2

I am using geoprapy to to get locations via a URL. I have a URL column for my DataFrame. I am attempting to run a pre-built Geograpy function on each URL and create a new column of the locations on the DataFrame. So, I have tried (from other questions):

hits['place'] = geograpy.get_place_context(url=hits.urls)

# and

hits['place'] = hits.apply(geograpy.get_place_context(url=hits.urls), axis=1))

# and

def getPlace(frame):
    urls = frame['urls']
    print(urls)
    frame['place'] = geograpy.get_place_context(url=urls)
    return frame

getPlace(hits)

Along with a few others. I keep getting

ValueError: The truth value of a Series is ambiguous. Use a.empty, a.bool(), a.item(), a.any() or a.all().

Which I understand as that it is seeing URLs as a whole column and cannot run the function on the column? Doesn't really matter.

How can I run a function for every row in a dataframe and create a new column?

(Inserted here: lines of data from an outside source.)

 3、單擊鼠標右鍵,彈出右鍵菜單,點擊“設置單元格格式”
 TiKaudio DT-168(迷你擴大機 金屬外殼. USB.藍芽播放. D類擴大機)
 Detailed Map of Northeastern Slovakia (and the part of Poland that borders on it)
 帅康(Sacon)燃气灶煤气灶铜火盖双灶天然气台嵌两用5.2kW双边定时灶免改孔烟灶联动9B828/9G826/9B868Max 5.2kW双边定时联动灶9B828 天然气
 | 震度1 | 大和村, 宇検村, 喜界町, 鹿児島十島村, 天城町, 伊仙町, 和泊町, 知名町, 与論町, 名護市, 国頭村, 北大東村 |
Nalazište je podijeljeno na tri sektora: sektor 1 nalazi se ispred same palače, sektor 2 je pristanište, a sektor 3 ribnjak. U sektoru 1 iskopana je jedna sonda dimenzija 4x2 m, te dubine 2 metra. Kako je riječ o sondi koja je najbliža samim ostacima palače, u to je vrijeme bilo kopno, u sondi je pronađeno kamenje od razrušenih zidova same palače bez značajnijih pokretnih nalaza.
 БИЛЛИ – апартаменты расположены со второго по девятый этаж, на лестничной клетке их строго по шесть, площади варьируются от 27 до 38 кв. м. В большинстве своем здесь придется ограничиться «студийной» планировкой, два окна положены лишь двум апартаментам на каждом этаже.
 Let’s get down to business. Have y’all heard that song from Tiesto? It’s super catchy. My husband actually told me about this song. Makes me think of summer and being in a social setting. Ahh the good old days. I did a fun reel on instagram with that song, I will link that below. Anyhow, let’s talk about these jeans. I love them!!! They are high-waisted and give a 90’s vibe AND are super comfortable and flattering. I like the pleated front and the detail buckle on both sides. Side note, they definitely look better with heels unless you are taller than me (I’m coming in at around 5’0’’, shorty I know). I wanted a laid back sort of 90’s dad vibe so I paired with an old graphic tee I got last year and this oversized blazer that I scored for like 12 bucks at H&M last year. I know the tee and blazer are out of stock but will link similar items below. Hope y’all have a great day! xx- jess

I expect my places to be a 'memory type object' I can reference later. I have part of this to work via:

for url in urls:
    place = (geograpy.get_place_context(url=url))
    region = place.country_regions

However, later in the code, the iterations causes it to fall apart.

Sam Dean
  • 379
  • 9
  • 19

2 Answers2

3

pandas.apply function does exactly what you want, you just didn't pass the right argument. You can see in the documentation that you need to pass a function, not the result of the function call.

So, just pass geograpy.get_place_context to apply like this -

hits['place'] = hits['urls'].apply(geograpy.get_place_context, axis=1)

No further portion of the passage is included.